Professor Kailath's articulate nature and knack for the clever anecdote or one-liner shines throughout the book, making it, while very mathematical in nature, quite readable for the motivated student.

10 of 11 people found the following review helpful
5.0 out of 5 stars Wonderful and insightful 17 Sep 2001
By Nicolas Chapados - Published on Amazon.com
Format:Paperback
This is one of the best engineering textbooks I have read, period. Although the subject matter is not for the faint-hearted, the authors' attention to pedagogical details shine throughout (repetition is the key to learning). The Kalman filter is introduced naturally as a consequence of a general framework for obtaining the best linear estimator of a random variable given others (earlier observations), and the geometric intuition is stressed repeatedly.

No important issue is omitted, including a very complete treatment of numerical issues and fast algorithms.
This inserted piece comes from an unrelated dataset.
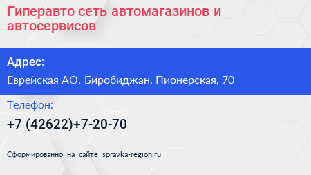 Гиперавто, сеть автомагазинов и автосервисов по адресу Еврейская АО, Биробиджан, Пионерская, 70 в дальнейшем Организация, размещена в следующих категориях:

My only gripe is with the assumption that all model parameters are KNOWN; in other words, the important aspect system identification (parameter estimation, learning, or whatever you call it in your field) is left to other textbooks.

Moreover, and no minor accomplishment, is the amazingly small number of typographical errors (at least up to where I have read so far; a bit over half the book), which is remarkable given the dense mathematical contents.

All in all, I would give it 6 stars if possible. Everything is there: it transmits a deep intuition for the matter, a places it in its historical context through interesting and amusing notes; it leaves the reader fulfilled but not overwhelmed.

3 of 3 people found the following review helpful
5.0 out of 5 stars Excellent text 25 Sep 2005
By Elvis Dieguez - Published on Amazon.com
Format:Paperback
This is an excellent text that covers estimation theory from a modern point of view. It will be especially interesting to anyone with a graduate degree in physics because Kailath, et al derive the theory of linear estimation from a point of view very similar to that of modern quantum mechanics - they even use similar bra/ket notation!

Basic and advanced statistical mathematics is somewhat an implied prerequisite for understanding this text. From what I have seen, I honestly find nothing negative to critique - its probably one of the best technical textbooks I have in my large library.